▸ RECORDED DATA
● ● ● ● ● ● ●

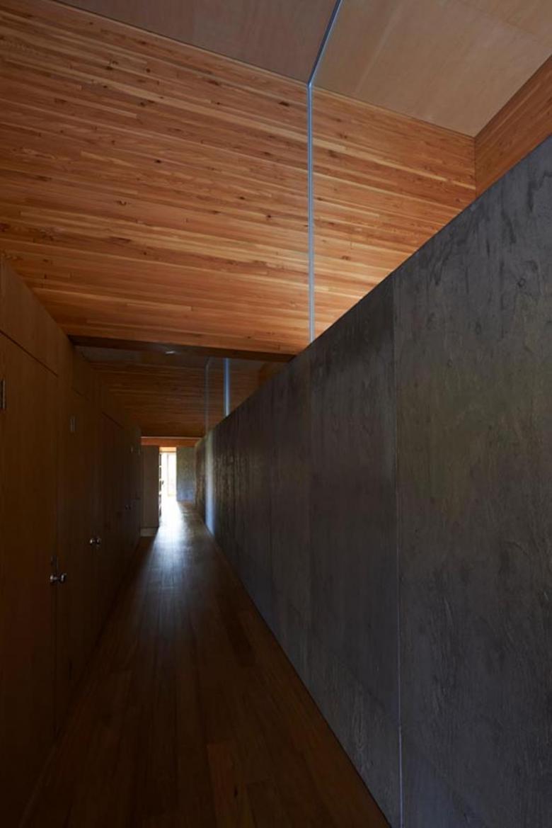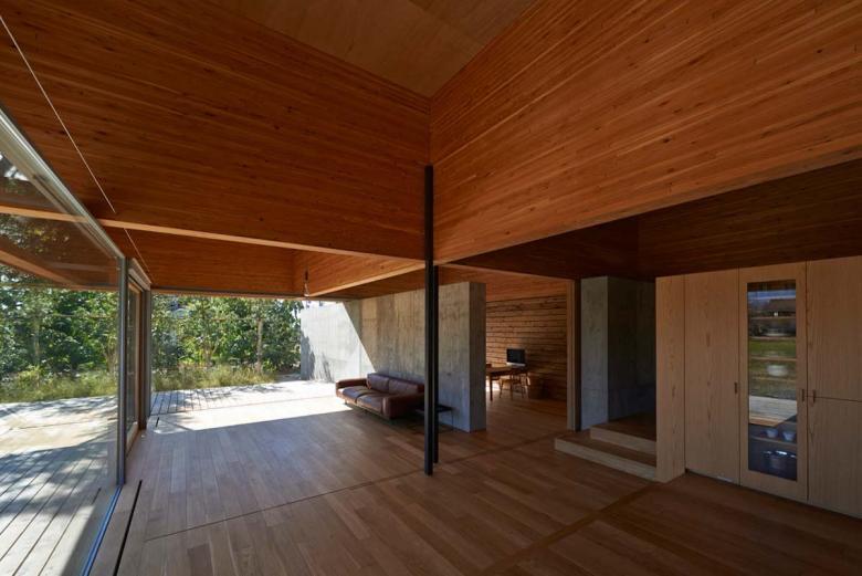 それは豊かな周辺へと伸び行くよう離散的に配されたRC壁造による解放的な空間の上層に、これとは無関係に木壁造による内向的で程よいスケールの空間をストンとのせることで現実化されたが、これは一枚の平面に2種類の異なる"通り芯"の体系が重ねられたことを意味している。"通り芯"が"通っていない"という、これまでの建築ではありえなかつたことが起こるわけだが、これによって、質の異なる上下の空間は跨ぎあい始め、複数の結びつきや光の干捗が生じ,単調ではない豊かな現象が発生することになった。
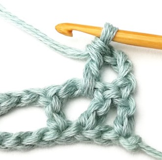10. Chain three and turn your work around. Chain three counts as a stitch.
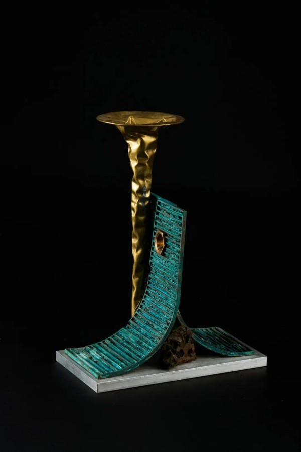 云崖际-系列之23 ,装置,2025年,铜喇叭、太湖石、铸铜、铝板
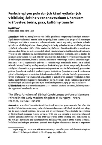 Papp, Ingrid (2024) Funkcie vplyvu pohrebných kázní vytlačených v biblickej češtine v ranonovovekom Uhorskom kráľovstve : teória, prax, kultúrny transfer = The Effect Functions of Biblical Czech Language Funeral Sermons Printed in the Early Modern Kingdom of Hungary : Theory, Practice, Cultural Transfer. In: Kazateľská tvorba, jej recepcia a stimuly : Zborník štúdií z medzinárodnej vedeckej konferencie (Bratislava 21. 11. – 22. 11. 2023). University of Ss. Cyril and Methodius in Trnava; Institute of Slovak Literature, Slovak Academy of Sciences, Trnava, pp. 41-47. ISBN 978-80-572-0447-3
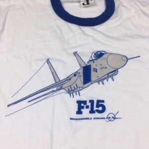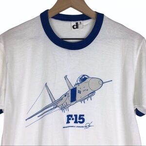 Vintage 80s Ringer Shirt Graphic T Size XL Downerwear F-15 McDonnell Douglas AirPlane Jet Aeronautical
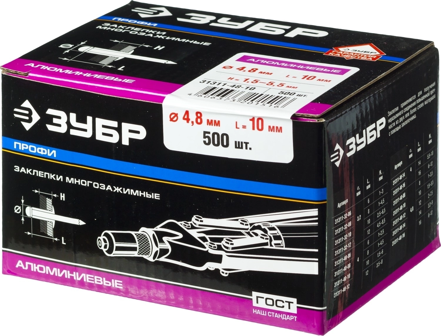 Многозажимные алюминиевые заклепки ЗУБР 4.8 x 10 мм Al5052 500 шт
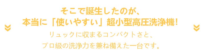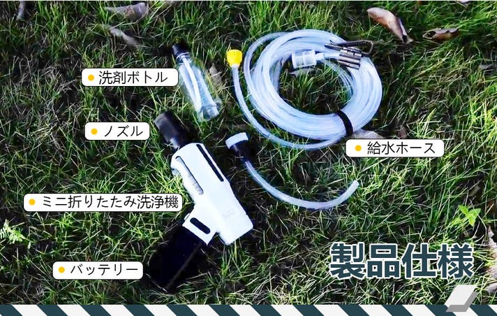 そんな思いを抱えていたある日、キャンプに出かけたときに気付いたんです。市販のコードレス洗浄機って、「パワーが物足りないもの」か「パワーがあっても大きすぎて持ち運べないもの」かのどちらかしかないって。
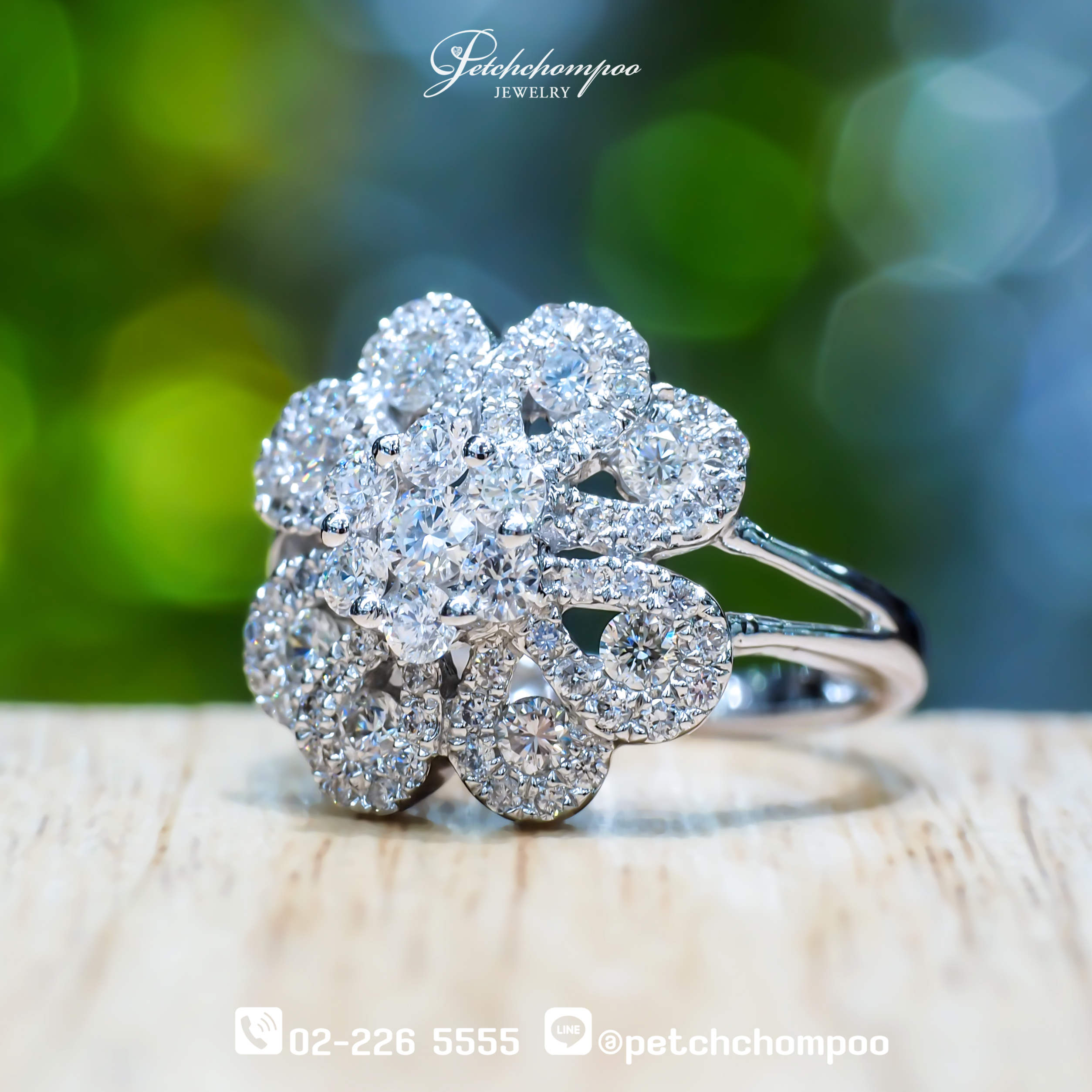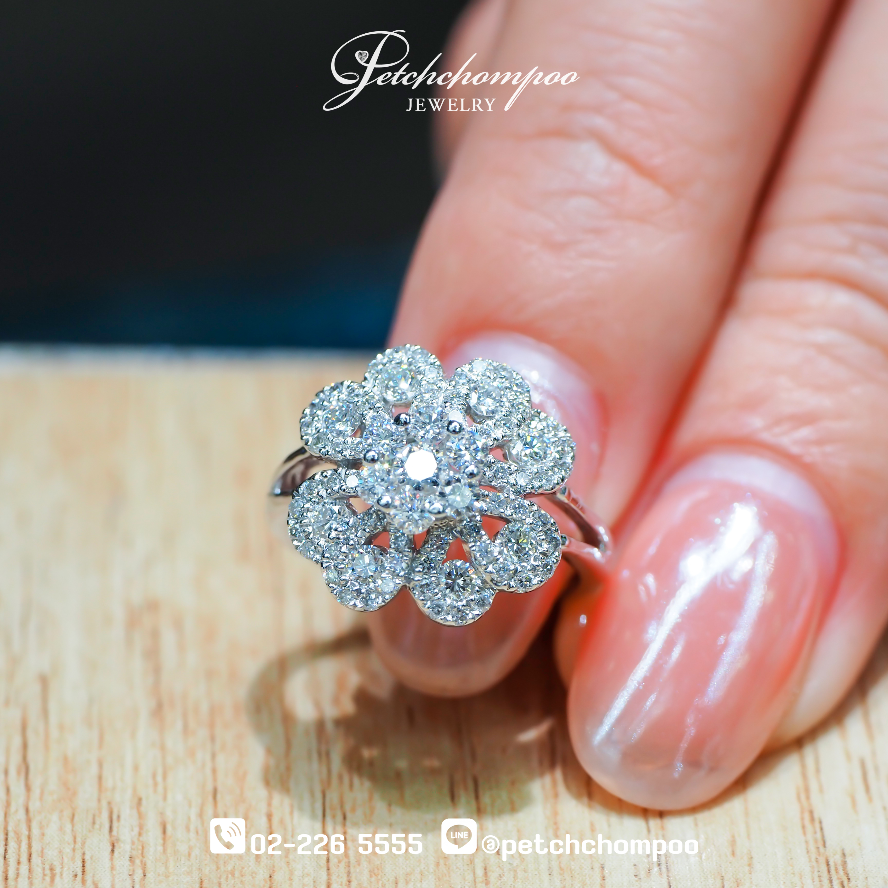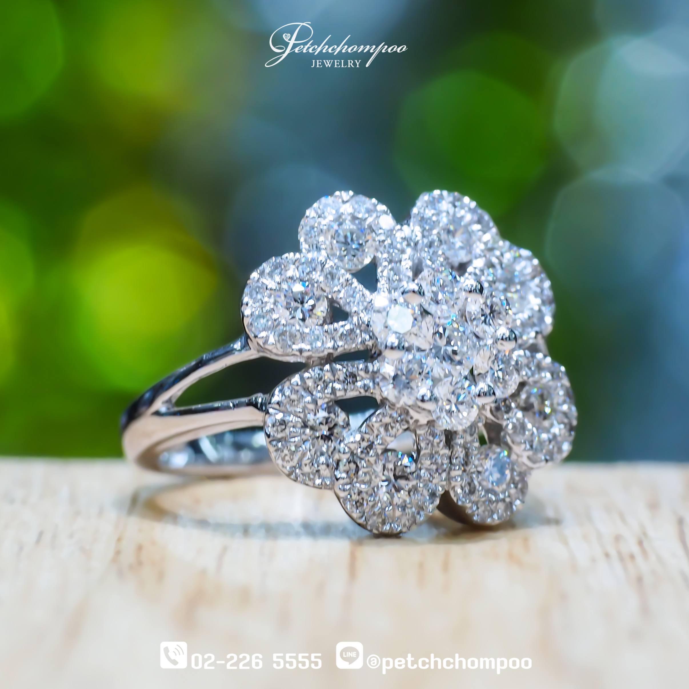 The Blossom Radiance™ diamond ring is adorned with 75 sparkling diamonds, totaling 0.64 carats, intricately arranged in a radiant floral motif. Set in 18K white gold weighing 3.5 grams, this ring combines feminine charm with luxurious brilliance, making it the perfect statement of grace and sophistication.
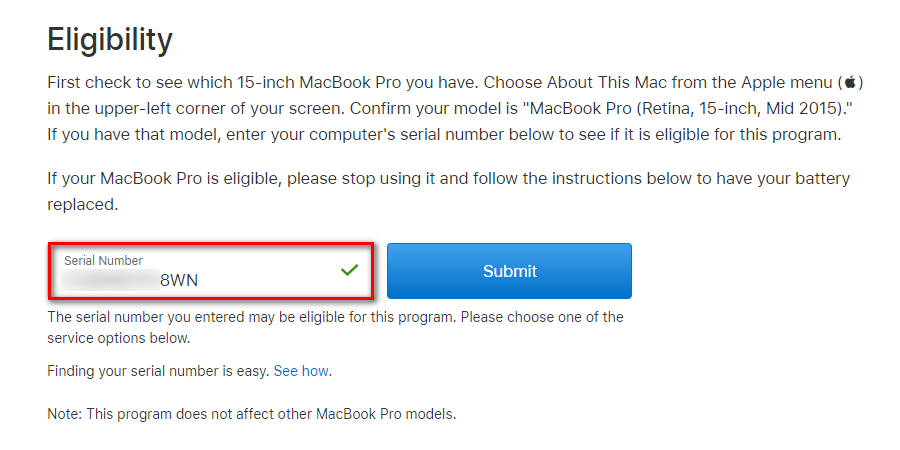 ทางผู้เขียนก็ใช้ MacBook Pro Mid 2015 เป็นรุ่นที่มีปัญหาตามข่าว พอเช็คดูขึ้นว่ามีสิทธิ์เข้ารับการเปลี่ยนแบตฯ ผู้เขียนก็เลยนำเครื่องไปที่ศูนย์ Apple และพนักงานก็ได้ทำการเปลี่ยนแบตฯ ใหม่ให้ฟรี เป็นที่เรียบร้อย!
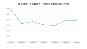 2021年7月,宝马X4销量为1162辆,同比增长75.79%,环比下降0.26%。1-7月份,宝马X4销量为7978辆,同比增长26.33%。在最近1年中,宝马X4销量在2021年01月达到最高,销量为1796辆。
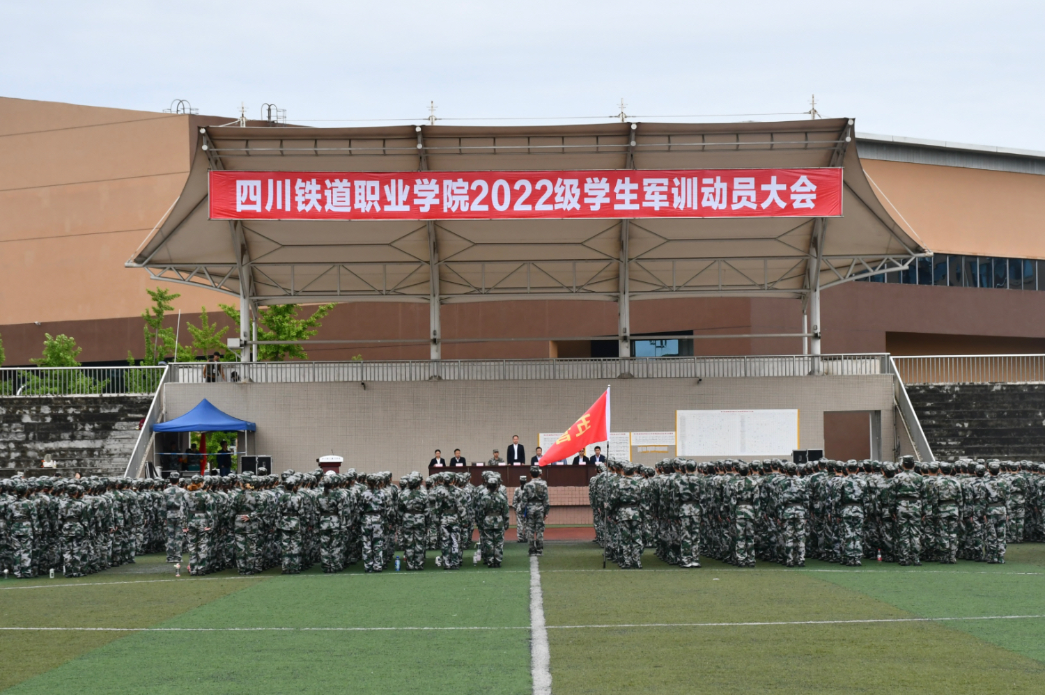 5月8日上午,beat365英国官方网站成都校区2022级学生军训动员大会在学校运动场隆重举行。党委副书记刘昊君、副校长黄恩兴、承训单位负责人、相关职能部门负责人、各二级学院党总支书记出席大会。大会由党委学生工作部部长朱俐主持。
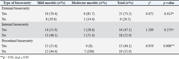 Association between biosecurity and severity of SCMChi-square analysis showed no significant association between external or internal biosecurity and SCM severity (external: χ²=0.672, p=0.412; internal: χ²=1.209, p=0.271). Procedural biosecurity was significantly associated with SCM severity (χ²=6.959, p=0.008) (Table 4). Given the presence of a zero cell, the association was also checked using an exact test, yielding consistent significance (p < 0.05). Notably, all moderate SCM cases occurred in farms without procedural biosecurity (7/7; 100%), whereas none were observed in farms with procedural biosecurity (0/15; 0%). Table 4. Chi-square results between biosecurity and SCM severity level (mild vs. moderate).

● ● ● ● ● ● ●

Pictures aside, write out all of the records exactly.

▸ SOLUTION FOR THIS PROBLEM
 それは豊かな周辺へと伸び行くよう離散的に配されたRC壁造による解放的な空間の上層に、これとは無関係に木壁造による内向的で程よいスケールの空間をストンとのせることで現実化されたが、これは一枚の平面に2種類の異なる"通り芯"の体系が重ねられたことを意味している。"通り芯"が"通っていない"という、これまでの建築ではありえなかつたことが起こるわけだが、これによって、質の異なる上下の空間は跨ぎあい始め、複数の結びつきや光の干捗が生じ,単調ではない豊かな現象が発生することになった。
10. Chain three and turn your work around. Chain three counts as a stitch.
 云崖际-系列之23 ,装置,2025年,铜喇叭、太湖石、铸铜、铝板
 Papp, Ingrid (2024) Funkcie vplyvu pohrebných kázní vytlačených v biblickej češtine v ranonovovekom Uhorskom kráľovstve : teória, prax, kultúrny transfer = The Effect Functions of Biblical Czech Language Funeral Sermons Printed in the Early Modern Kingdom of Hungary : Theory, Practice, Cultural Transfer. In: Kazateľská tvorba, jej recepcia a stimuly : Zborník štúdií z medzinárodnej vedeckej konferencie (Bratislava 21. 11. – 22. 11. 2023). University of Ss. Cyril and Methodius in Trnava; Institute of Slovak Literature, Slovak Academy of Sciences, Trnava, pp. 41-47. ISBN 978-80-572-0447-3
 Vintage 80s Ringer Shirt Graphic T Size XL Downerwear F-15 McDonnell Douglas AirPlane Jet Aeronautical
 Многозажимные алюминиевые заклепки ЗУБР 4.8 x 10 мм Al5052 500 шт
 そんな思いを抱えていたある日、キャンプに出かけたときに気付いたんです。市販のコードレス洗浄機って、「パワーが物足りないもの」か「パワーがあっても大きすぎて持ち運べないもの」かのどちらかしかないって。
 The Blossom Radiance™ diamond ring is adorned with 75 sparkling diamonds, totaling 0.64 carats, intricately arranged in a radiant floral motif. Set in 18K white gold weighing 3.5 grams, this ring combines feminine charm with luxurious brilliance, making it the perfect statement of grace and sophistication.
 ทางผู้เขียนก็ใช้ MacBook Pro Mid 2015 เป็นรุ่นที่มีปัญหาตามข่าว พอเช็คดูขึ้นว่ามีสิทธิ์เข้ารับการเปลี่ยนแบตฯ ผู้เขียนก็เลยนำเครื่องไปที่ศูนย์ Apple และพนักงานก็ได้ทำการเปลี่ยนแบตฯ ใหม่ให้ฟรี เป็นที่เรียบร้อย!
 2021年7月,宝马X4销量为1162辆,同比增长75.79%,环比下降0.26%。1-7月份,宝马X4销量为7978辆,同比增长26.33%。在最近1年中,宝马X4销量在2021年01月达到最高,销量为1796辆。
 5月8日上午,beat365英国官方网站成都校区2022级学生军训动员大会在学校运动场隆重举行。党委副书记刘昊君、副校长黄恩兴、承训单位负责人、相关职能部门负责人、各二级学院党总支书记出席大会。大会由党委学生工作部部长朱俐主持。
 Association between biosecurity and severity of SCMChi-square analysis showed no significant association between external or internal biosecurity and SCM severity (external: χ²=0.672, p=0.412; internal: χ²=1.209, p=0.271). Procedural biosecurity was significantly associated with SCM severity (χ²=6.959, p=0.008) (Table 4). Given the presence of a zero cell, the association was also checked using an exact test, yielding consistent significance (p < 0.05). Notably, all moderate SCM cases occurred in farms without procedural biosecurity (7/7; 100%), whereas none were observed in farms with procedural biosecurity (0/15; 0%). Table 4. Chi-square results between biosecurity and SCM severity level (mild vs. moderate).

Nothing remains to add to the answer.